Output the data below only from the line containing "ขายบ้านพร้อมที่ดิน 1 ไร่" up to and including the line containing "Figure 1. Firstly, we", exact and with the pictures left out.
=== SUPPLIED DATA ===
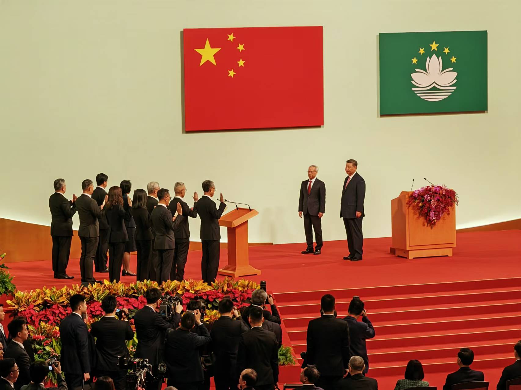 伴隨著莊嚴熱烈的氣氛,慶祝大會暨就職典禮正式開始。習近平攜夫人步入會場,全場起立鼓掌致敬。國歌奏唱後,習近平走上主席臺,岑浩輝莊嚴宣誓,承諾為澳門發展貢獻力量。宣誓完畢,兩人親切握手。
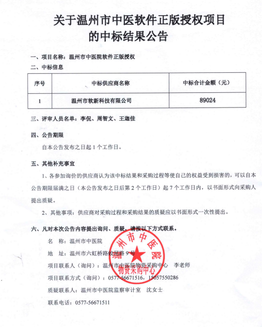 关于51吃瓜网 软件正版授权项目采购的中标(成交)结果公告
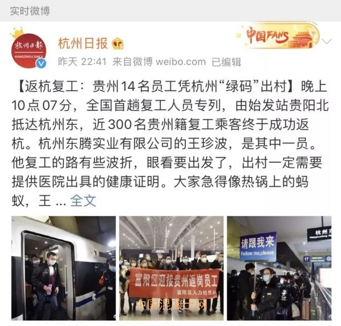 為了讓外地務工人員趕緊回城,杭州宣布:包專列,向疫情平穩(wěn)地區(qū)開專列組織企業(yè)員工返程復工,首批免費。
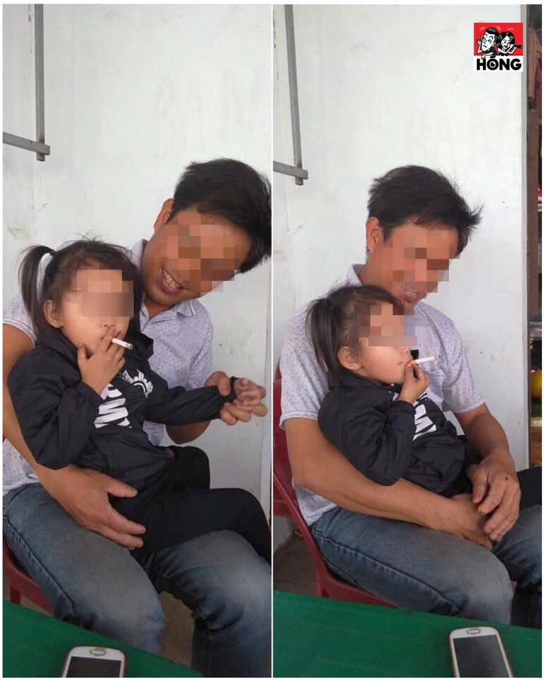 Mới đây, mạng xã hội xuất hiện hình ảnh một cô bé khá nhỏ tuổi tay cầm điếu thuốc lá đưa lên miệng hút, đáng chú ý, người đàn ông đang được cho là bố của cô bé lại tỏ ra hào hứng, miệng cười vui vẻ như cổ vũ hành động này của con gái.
===
=== SUPPLIED DATA ===
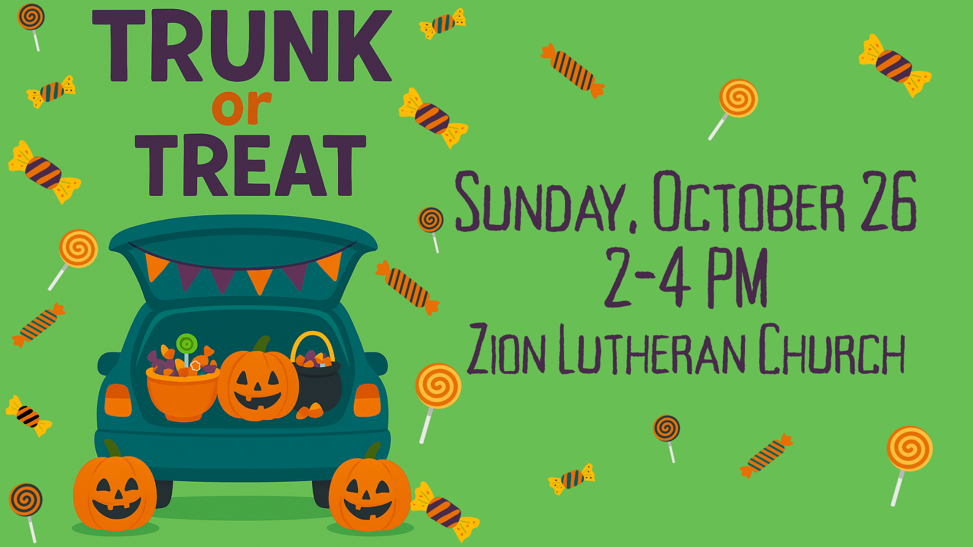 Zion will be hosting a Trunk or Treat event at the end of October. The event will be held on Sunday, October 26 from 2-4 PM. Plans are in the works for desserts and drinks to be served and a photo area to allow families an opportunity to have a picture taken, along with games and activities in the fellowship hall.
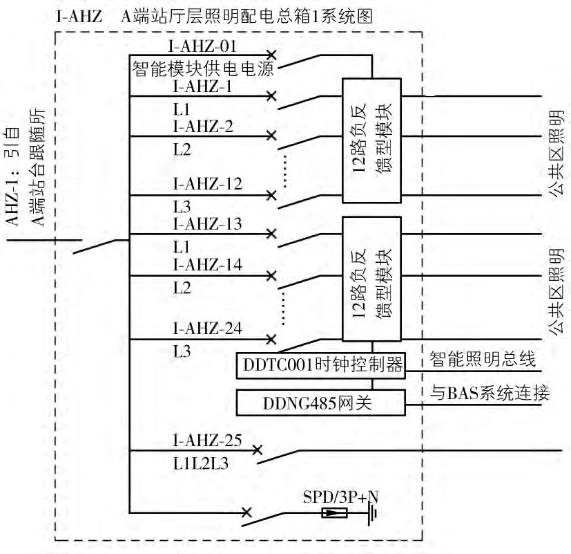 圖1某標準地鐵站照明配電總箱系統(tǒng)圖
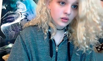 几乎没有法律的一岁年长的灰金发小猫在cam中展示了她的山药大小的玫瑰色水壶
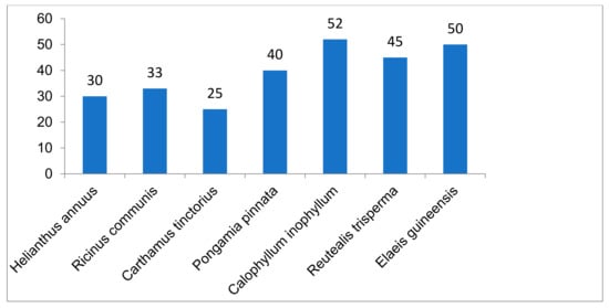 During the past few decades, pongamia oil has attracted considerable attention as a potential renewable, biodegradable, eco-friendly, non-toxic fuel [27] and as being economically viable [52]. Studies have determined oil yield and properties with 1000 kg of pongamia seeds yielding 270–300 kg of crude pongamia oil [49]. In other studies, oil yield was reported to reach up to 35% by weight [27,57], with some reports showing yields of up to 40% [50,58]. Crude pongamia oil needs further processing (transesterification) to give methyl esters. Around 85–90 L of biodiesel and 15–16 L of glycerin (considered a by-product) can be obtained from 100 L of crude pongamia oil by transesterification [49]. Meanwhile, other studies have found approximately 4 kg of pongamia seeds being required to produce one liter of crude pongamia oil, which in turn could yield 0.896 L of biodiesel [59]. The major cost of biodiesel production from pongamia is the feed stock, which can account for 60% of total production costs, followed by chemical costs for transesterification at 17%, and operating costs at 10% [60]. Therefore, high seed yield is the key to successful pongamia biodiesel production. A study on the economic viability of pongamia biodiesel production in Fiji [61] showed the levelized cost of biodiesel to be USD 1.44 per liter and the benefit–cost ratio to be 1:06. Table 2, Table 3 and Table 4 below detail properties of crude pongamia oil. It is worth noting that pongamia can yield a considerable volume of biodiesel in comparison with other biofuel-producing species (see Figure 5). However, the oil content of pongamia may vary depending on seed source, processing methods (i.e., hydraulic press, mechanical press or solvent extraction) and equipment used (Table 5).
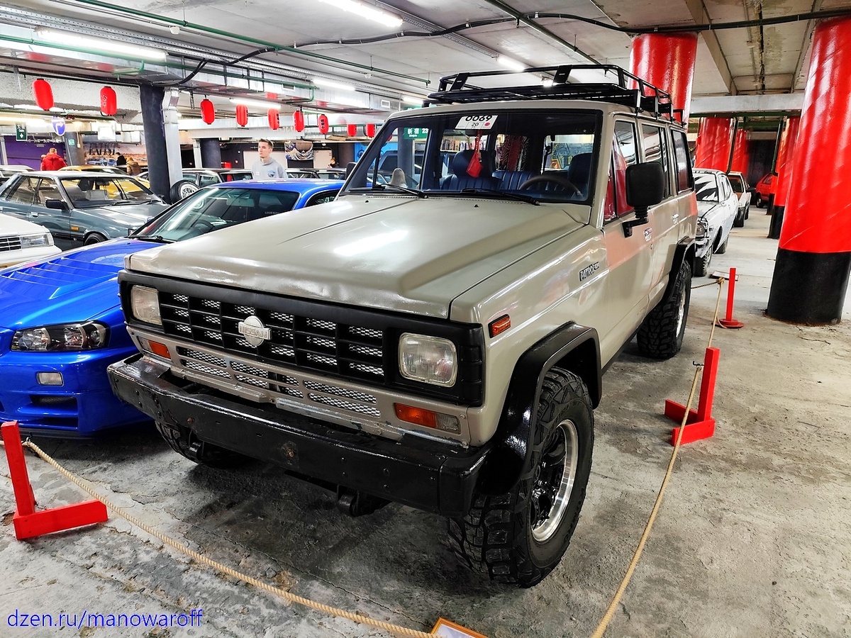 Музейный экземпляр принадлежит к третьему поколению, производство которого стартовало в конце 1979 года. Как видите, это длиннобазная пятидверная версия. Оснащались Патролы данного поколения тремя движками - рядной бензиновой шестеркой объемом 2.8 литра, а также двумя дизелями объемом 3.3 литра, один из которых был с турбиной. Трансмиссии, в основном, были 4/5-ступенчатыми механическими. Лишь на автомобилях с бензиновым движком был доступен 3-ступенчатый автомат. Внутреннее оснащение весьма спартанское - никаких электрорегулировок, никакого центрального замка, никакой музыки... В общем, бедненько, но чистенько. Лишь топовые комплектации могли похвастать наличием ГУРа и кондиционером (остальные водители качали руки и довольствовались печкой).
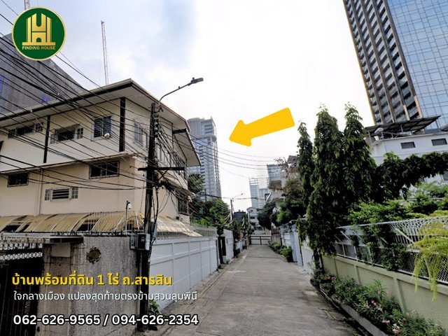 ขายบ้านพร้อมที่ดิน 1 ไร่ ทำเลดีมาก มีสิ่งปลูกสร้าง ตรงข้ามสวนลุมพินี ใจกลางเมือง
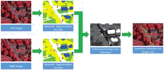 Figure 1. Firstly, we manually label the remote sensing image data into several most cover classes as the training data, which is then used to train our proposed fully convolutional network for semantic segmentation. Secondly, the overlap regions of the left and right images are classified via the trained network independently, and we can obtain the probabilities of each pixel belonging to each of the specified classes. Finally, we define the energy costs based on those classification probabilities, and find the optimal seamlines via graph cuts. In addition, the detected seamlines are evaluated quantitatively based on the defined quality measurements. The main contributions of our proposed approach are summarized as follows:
===
=== SUPPLIED DATA ===
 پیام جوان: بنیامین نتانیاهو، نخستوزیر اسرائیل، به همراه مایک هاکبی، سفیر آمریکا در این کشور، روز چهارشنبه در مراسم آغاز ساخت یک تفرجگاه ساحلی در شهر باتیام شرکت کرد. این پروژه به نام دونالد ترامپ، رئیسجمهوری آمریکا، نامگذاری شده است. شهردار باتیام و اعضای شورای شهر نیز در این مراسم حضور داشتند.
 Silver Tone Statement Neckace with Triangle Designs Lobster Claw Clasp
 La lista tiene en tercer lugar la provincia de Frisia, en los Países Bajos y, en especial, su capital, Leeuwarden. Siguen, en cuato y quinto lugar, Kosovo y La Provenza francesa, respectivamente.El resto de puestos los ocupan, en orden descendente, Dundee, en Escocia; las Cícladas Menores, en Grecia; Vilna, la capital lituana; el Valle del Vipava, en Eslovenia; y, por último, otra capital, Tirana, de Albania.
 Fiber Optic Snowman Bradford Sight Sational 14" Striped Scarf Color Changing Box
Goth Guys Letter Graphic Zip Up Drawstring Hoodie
===
PROBLEM SOLUTION =
 ขายบ้านพร้อมที่ดิน 1 ไร่ ทำเลดีมาก มีสิ่งปลูกสร้าง ตรงข้ามสวนลุมพินี ใจกลางเมือง
 Figure 1. Firstly, we manually label the remote sensing image data into several most cover classes as the training data, which is then used to train our proposed fully convolutional network for semantic segmentation. Secondly, the overlap regions of the left and right images are classified via the trained network independently, and we can obtain the probabilities of each pixel belonging to each of the specified classes. Finally, we define the energy costs based on those classification probabilities, and find the optimal seamlines via graph cuts. In addition, the detected seamlines are evaluated quantitatively based on the defined quality measurements. The main contributions of our proposed approach are summarized as follows:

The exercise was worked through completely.